Their fights were phenomenal, taking place on both coasts and several continents. Ava later said that the good years were the years when Sinatra's career was in a slump. When he was dependent, she found, he was sweet-natured and she repeatedly moved to shore up his self-confidence. She went so far as to plead with Joan Cohn, the wife of Columbia Pictures despot Harry, to give Frank the role of Maggio in "From Here to Eternity."
But Frank's comeback seemed to bring out the worst in both of them. And their worst was really bad. In fact, they were almost evicted from their apartment. Frank came ahead home to the States and then learned of Ava's return from the newspapers. He was furious. Dolly effected a reconciliation one night, after which Ava returned to the hotel to wait for him following his show. Frank rolled in about 4 a.m. Ava was furious. Particularly when he told her not to crowd him.
During their final separation, Frank was on the phone to Louella Parsons begging Ava to come back, but she filed for divorce after she caught a newspaper photo of Frank with two showgirls. People said Frank's despair chased him through a lot of bars and into many willing arms. But those were places he would have ended up anyway. It does seem, though, that Frank had it bad for Ava, as bad as it gets.
-- "
Frank Sinatra's love and marriages", Sherryl Connelly
After her death, one of Frank Sinatra's daughters found him slumped in his room, crying, and unable to speak. Gardner was not only the love of his life but also the inspiration for one of his most personal and magical songs, "I'm a Fool to Want You", recorded after their separation. Reportedly, a lone black limousine parked behind the crowd of 500 mourners at Ava's funeral. No one exited the vehicle, but it was assumed that the anonymous mourner was indeed Frank Sinatra. A floral arrangement at Gardner's graveside simply read: "With My Love, Francis".

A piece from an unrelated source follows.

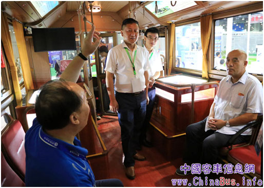 中國(guó)道路運(yùn)輸協(xié)會(huì)城市客運(yùn)分會(huì)理事長(zhǎng)張國(guó)光(右一)為仿古鐺鐺車舒適的乘坐體驗(yàn)點(diǎn)贊

-- WIKIPEDIA! My sources: so refined.
BUT THAT, MY FRIENDS, WAS A LOVE AFFAIR.
TO CONCLUDE, SOME RELATED ODDS AND ENDS:
- Ava's personal quotes on imdb are GOLD. She is sassy and witty and OH GOD ILHER.
- Short, soundless video footage of them being pretty?
- For the truly dedicated, this is the Ava Gardner biography I almost stole quotes from/have been using to feed my fixation, in incomplete ebook form.
And because I know it is unlikely I'll post before the 16th (and hey! It's already the 15th in London!), happy happy birthday to my old friend
tashternal! And while I'm at it, happy belated,
silverstars! FACT: October babies > all the other ones. I use both of you as proof of this.
Also, dear new friends, I'm sorry this incredibly random exercise in nostalgia is your introduction to me. I will commence polling and this-is-my-last.fm-ing at some to-be-determined date in the future. :D?